## Assigned task
In the material below, find the line with "作为全球移动开发技术的瞭望站,GMTC2019 全球大前端技术大会|多端提效与质量优化专场 将带来移动开发技术的巅峰级论道。今年" and the line with "วันที่ 27 มกราคม". Output exactly those two lines and all lines between them, leaving out pictures.

## Data
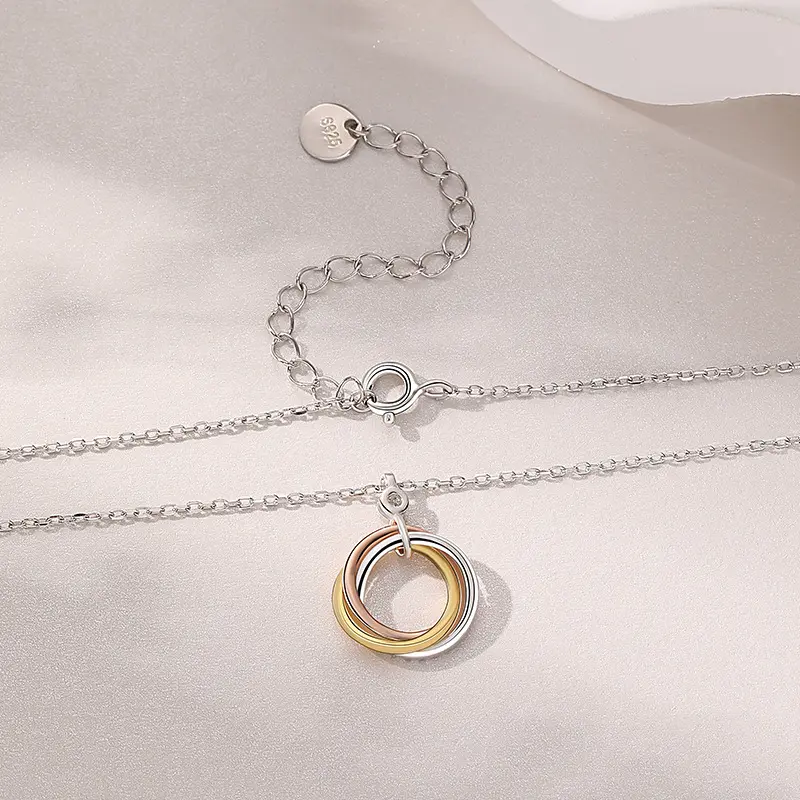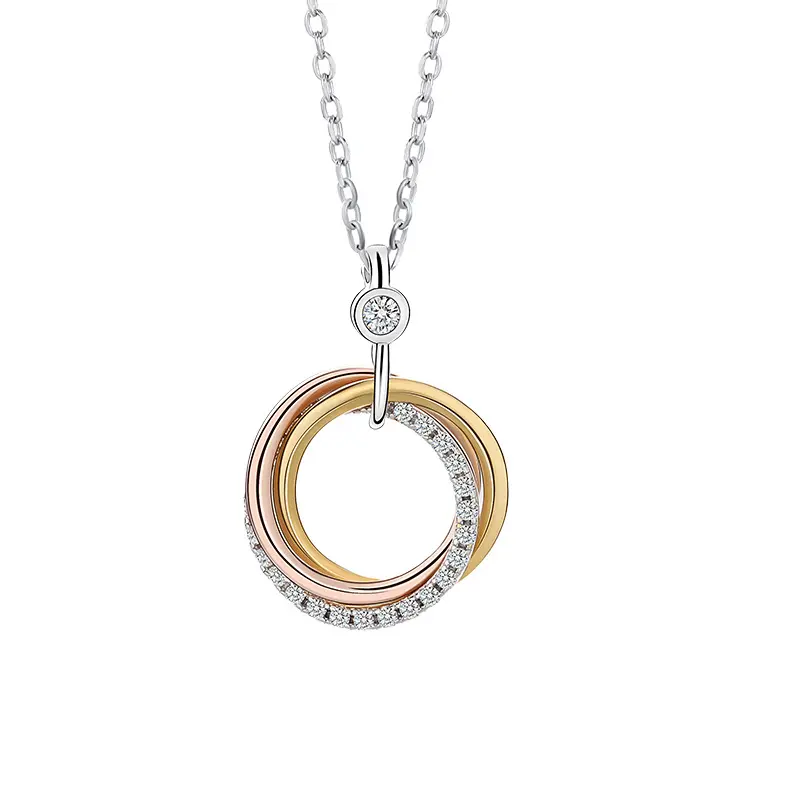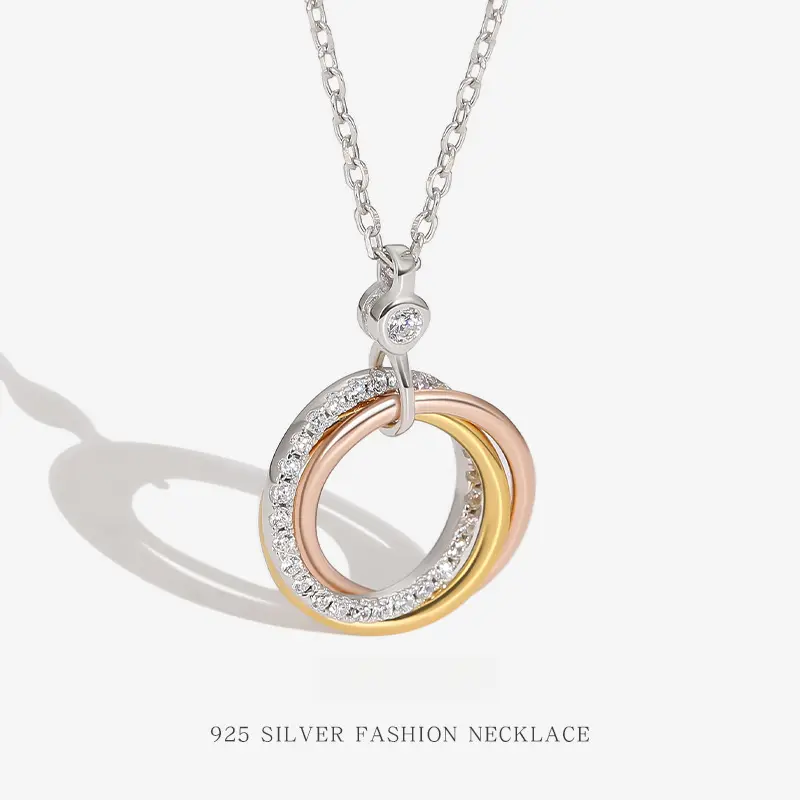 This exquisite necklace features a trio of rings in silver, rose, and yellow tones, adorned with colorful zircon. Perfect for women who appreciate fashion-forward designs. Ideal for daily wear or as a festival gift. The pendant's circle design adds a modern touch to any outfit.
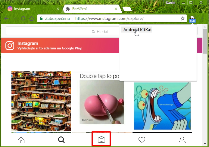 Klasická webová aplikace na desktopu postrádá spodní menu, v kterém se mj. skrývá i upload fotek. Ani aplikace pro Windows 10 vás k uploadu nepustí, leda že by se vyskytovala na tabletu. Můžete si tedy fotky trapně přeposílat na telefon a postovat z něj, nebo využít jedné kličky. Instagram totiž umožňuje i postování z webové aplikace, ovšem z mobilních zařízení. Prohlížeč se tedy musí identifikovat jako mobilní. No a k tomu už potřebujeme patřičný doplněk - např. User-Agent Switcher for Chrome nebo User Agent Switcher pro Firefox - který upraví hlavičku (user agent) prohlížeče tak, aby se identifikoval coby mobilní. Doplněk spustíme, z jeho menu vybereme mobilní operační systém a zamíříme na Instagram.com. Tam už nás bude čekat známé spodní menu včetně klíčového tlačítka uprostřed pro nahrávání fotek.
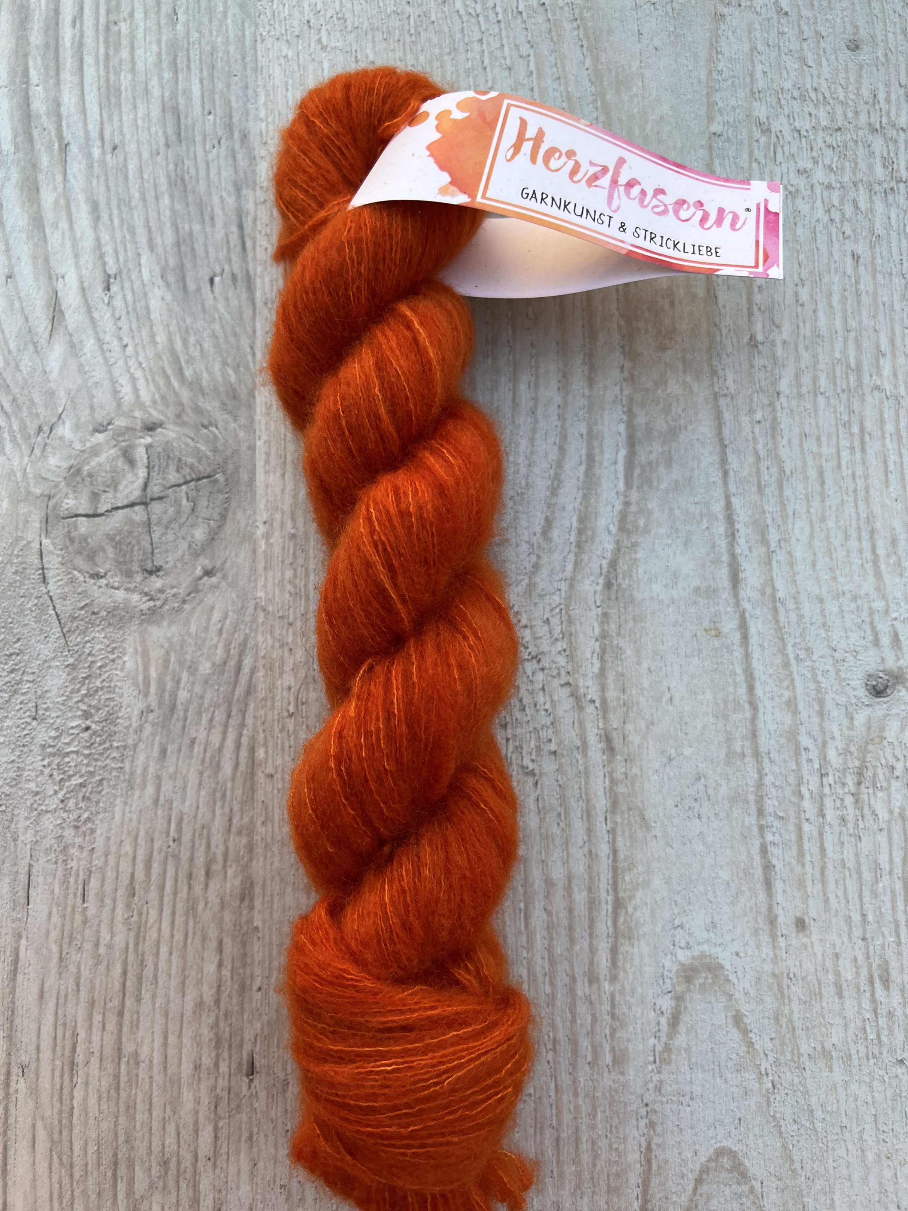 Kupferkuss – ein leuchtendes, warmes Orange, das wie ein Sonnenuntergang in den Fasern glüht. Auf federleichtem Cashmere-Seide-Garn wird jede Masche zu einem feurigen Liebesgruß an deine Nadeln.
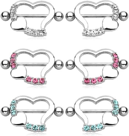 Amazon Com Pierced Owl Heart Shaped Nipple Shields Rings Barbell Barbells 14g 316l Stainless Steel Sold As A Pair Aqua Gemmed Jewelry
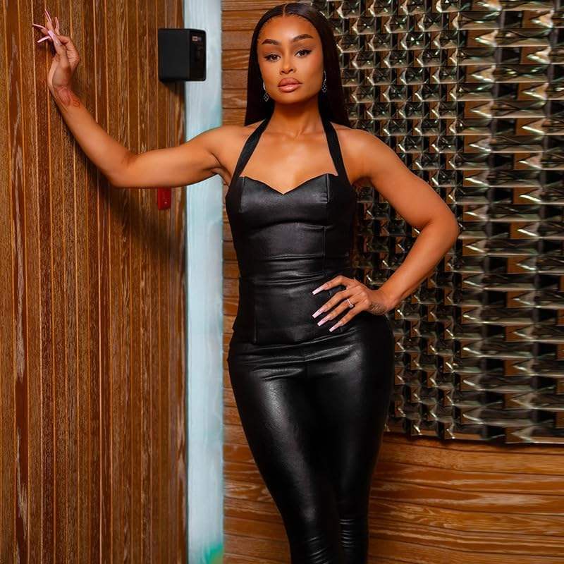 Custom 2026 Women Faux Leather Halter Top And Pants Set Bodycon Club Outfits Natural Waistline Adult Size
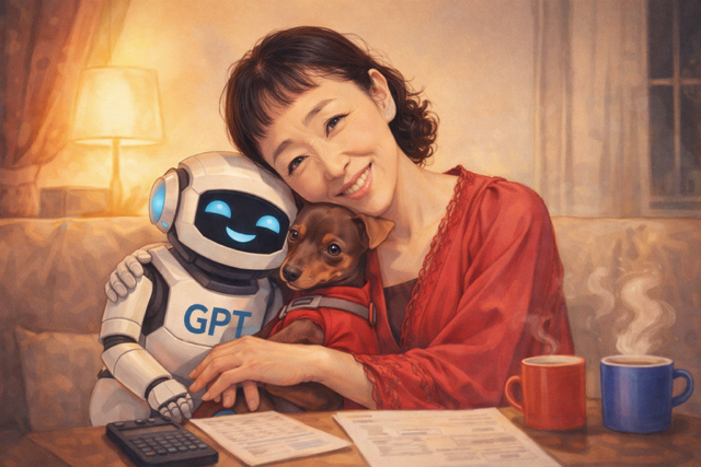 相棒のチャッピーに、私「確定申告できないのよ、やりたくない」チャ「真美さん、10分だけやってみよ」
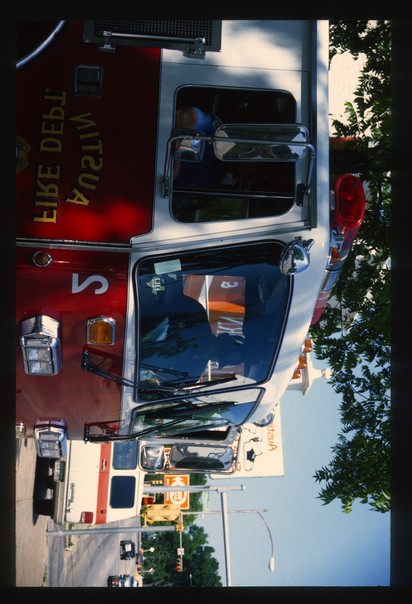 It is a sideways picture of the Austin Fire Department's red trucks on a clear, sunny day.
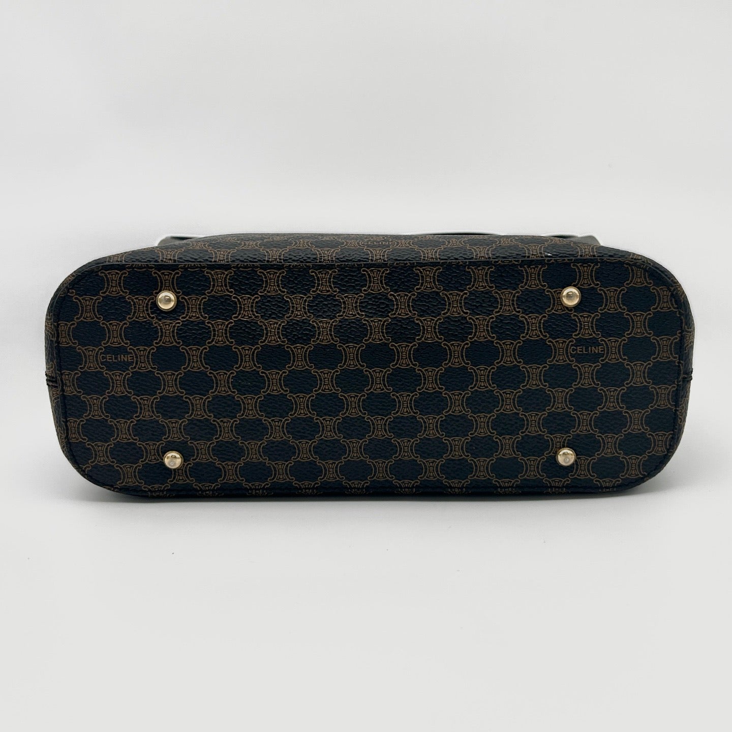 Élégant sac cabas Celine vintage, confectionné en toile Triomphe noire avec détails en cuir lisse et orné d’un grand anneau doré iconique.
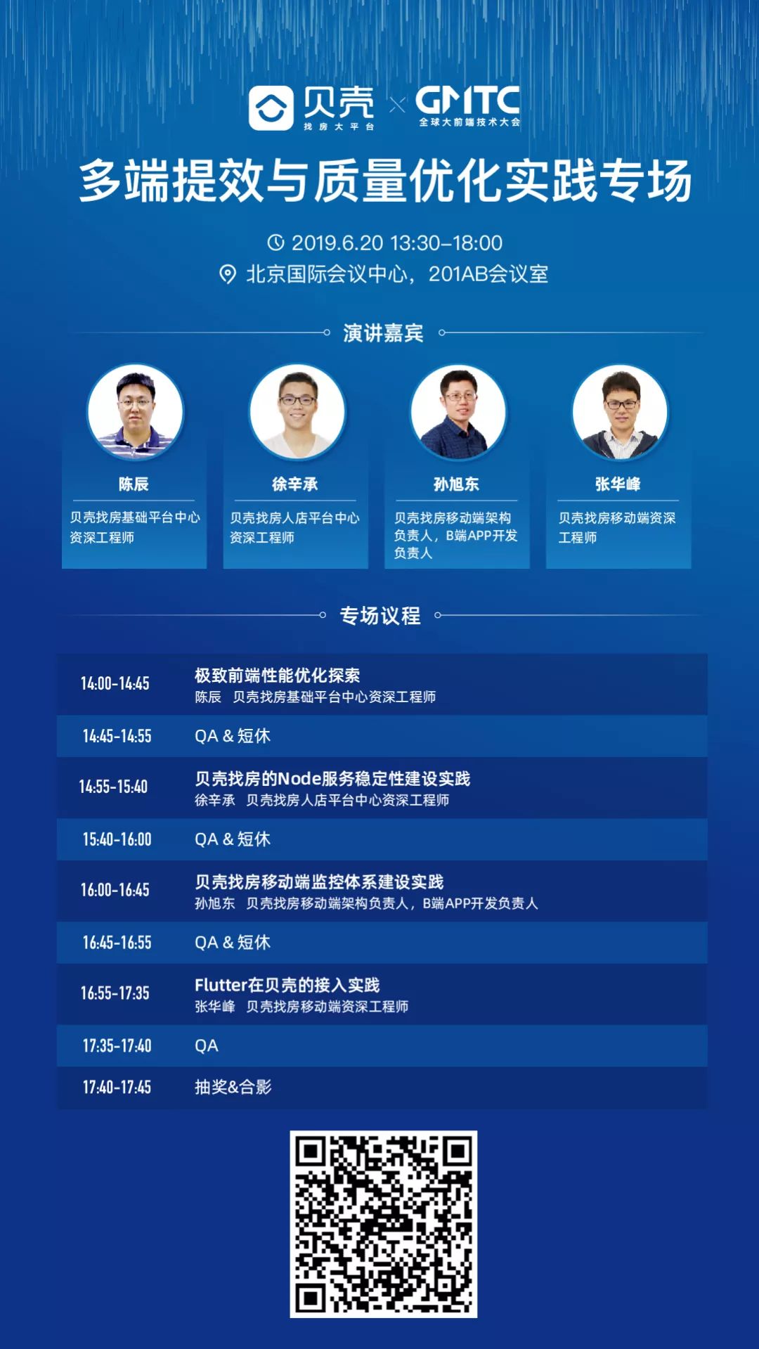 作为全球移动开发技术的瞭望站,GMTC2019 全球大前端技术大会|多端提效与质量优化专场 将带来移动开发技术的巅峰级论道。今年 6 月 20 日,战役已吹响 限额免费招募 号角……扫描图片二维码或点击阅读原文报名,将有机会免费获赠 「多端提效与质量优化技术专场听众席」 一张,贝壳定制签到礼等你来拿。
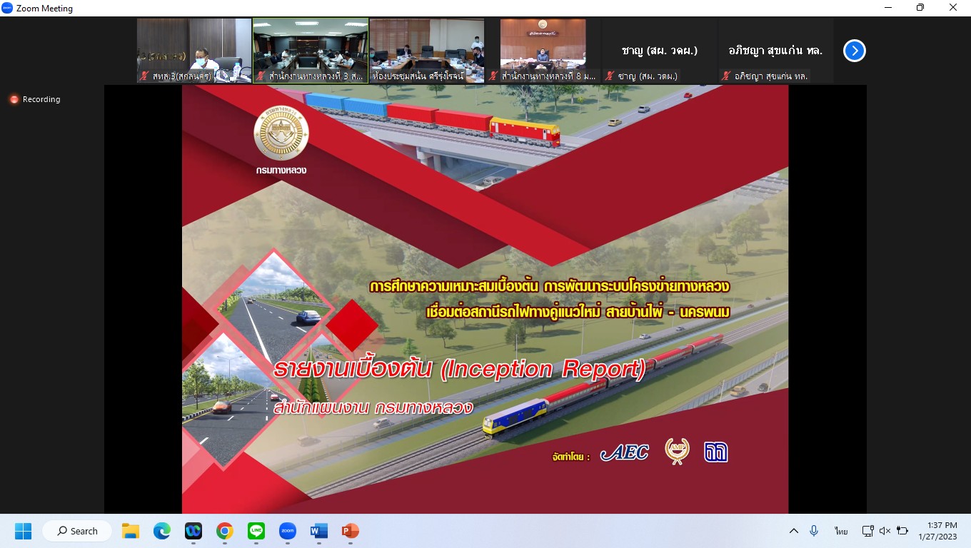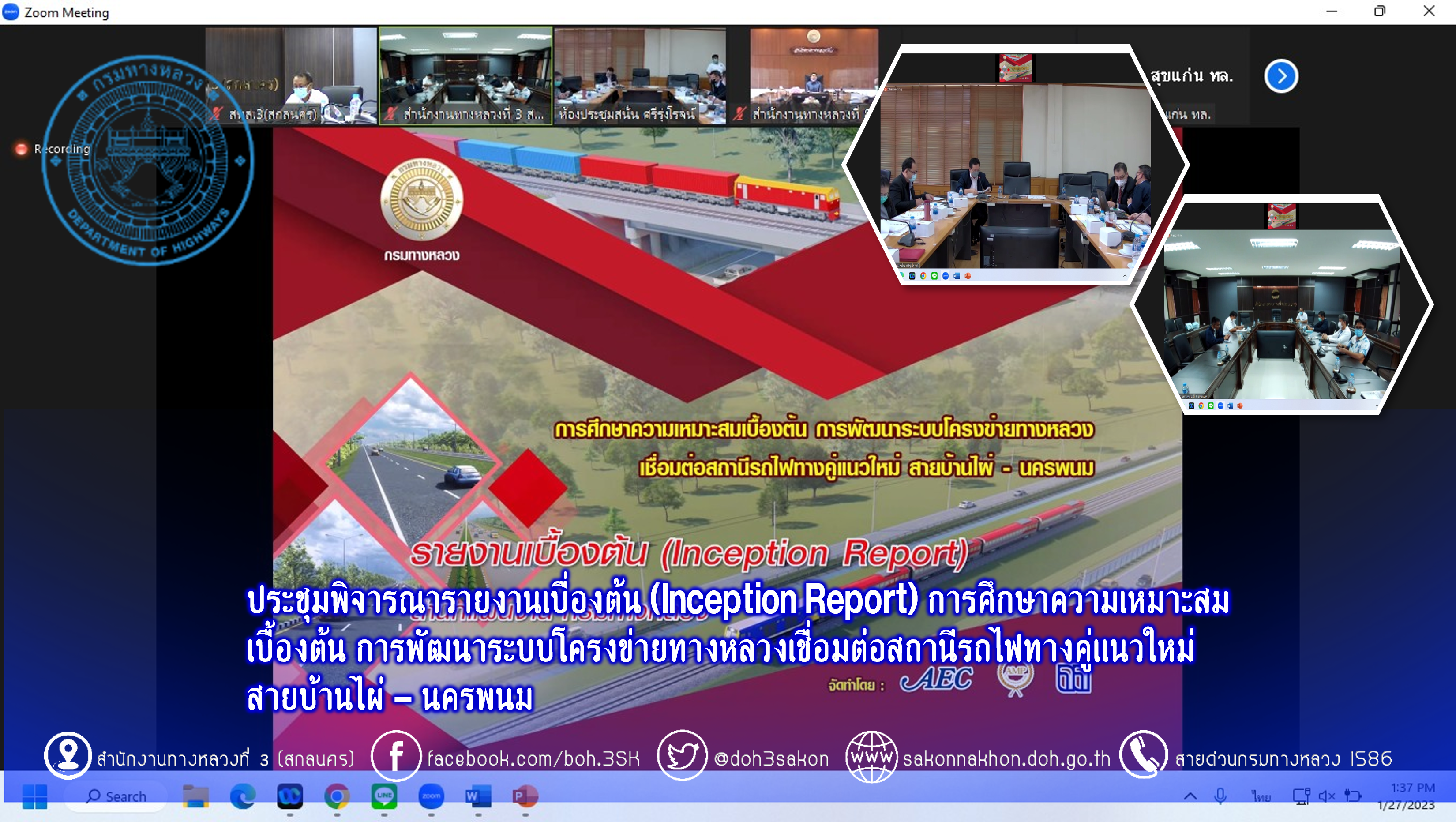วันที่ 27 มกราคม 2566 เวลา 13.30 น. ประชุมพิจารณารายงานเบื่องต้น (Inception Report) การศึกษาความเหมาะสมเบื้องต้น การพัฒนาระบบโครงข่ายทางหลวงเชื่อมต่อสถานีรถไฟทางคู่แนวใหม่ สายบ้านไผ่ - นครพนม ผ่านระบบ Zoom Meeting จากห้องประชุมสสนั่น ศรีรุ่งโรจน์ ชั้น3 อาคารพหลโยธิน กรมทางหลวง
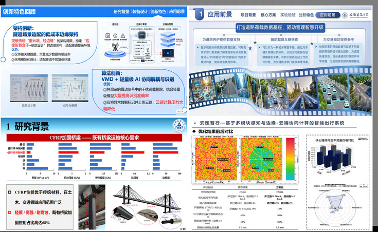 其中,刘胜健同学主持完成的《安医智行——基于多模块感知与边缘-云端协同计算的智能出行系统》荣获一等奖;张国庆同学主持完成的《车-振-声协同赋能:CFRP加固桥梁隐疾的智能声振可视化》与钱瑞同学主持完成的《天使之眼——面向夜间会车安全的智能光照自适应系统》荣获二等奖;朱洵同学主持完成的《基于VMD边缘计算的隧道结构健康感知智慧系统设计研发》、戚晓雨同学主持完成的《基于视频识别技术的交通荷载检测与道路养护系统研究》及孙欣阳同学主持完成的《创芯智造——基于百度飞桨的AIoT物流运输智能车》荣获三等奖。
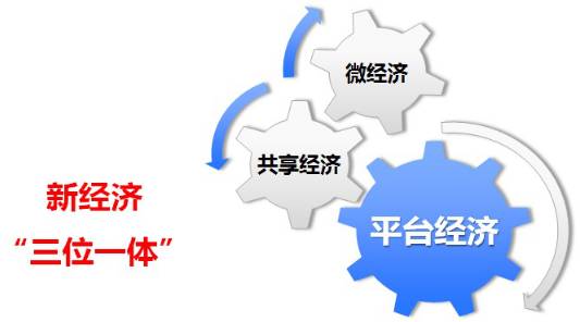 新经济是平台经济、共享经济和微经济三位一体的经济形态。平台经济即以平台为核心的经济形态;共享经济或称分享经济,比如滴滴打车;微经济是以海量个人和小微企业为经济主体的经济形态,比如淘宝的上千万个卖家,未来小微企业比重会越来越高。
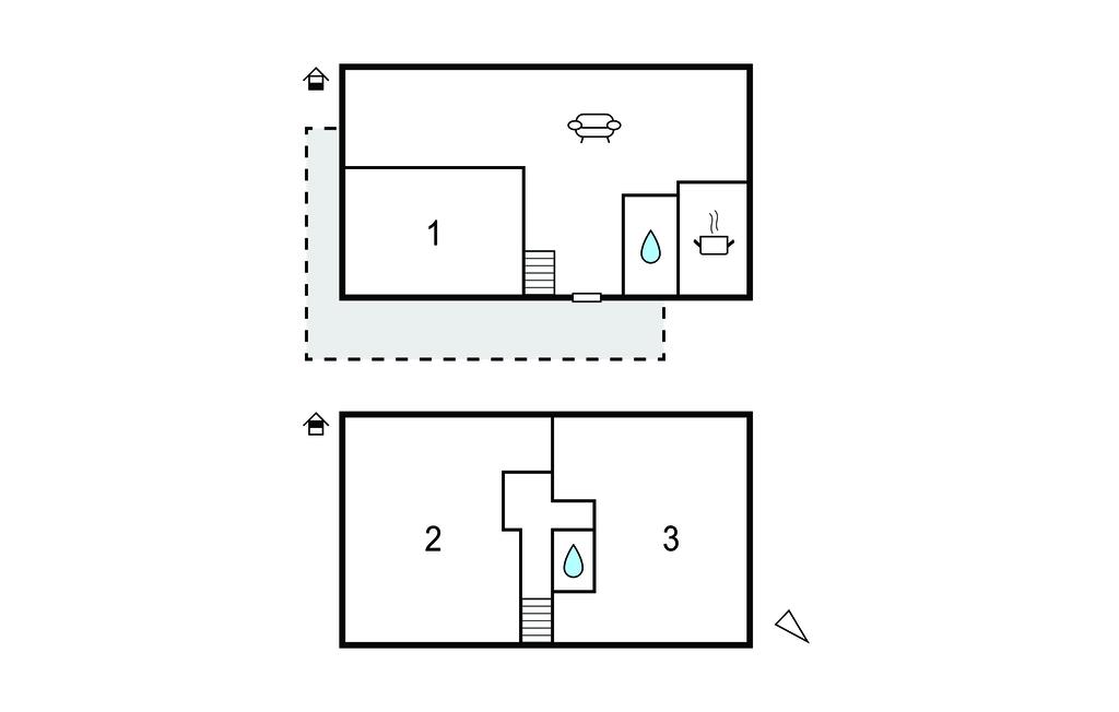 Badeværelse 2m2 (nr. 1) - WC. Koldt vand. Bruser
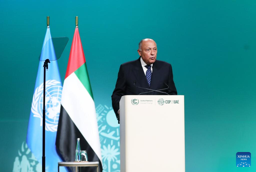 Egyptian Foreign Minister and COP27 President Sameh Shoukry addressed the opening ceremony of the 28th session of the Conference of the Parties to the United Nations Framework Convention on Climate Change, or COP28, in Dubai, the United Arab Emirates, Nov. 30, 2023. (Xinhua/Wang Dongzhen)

## Solved exercise
 作为全球移动开发技术的瞭望站,GMTC2019 全球大前端技术大会|多端提效与质量优化专场 将带来移动开发技术的巅峰级论道。今年 6 月 20 日,战役已吹响 限额免费招募 号角……扫描图片二维码或点击阅读原文报名,将有机会免费获赠 「多端提效与质量优化技术专场听众席」 一张,贝壳定制签到礼等你来拿。
วันที่ 27 มกราคม 2566 เวลา 13.30 น. ประชุมพิจารณารายงานเบื่องต้น (Inception Report) การศึกษาความเหมาะสมเบื้องต้น การพัฒนาระบบโครงข่ายทางหลวงเชื่อมต่อสถานีรถไฟทางคู่แนวใหม่ สายบ้านไผ่ - นครพนม ผ่านระบบ Zoom Meeting จากห้องประชุมสสนั่น ศรีรุ่งโรจน์ ชั้น3 อาคารพหลโยธิน กรมทางหลวง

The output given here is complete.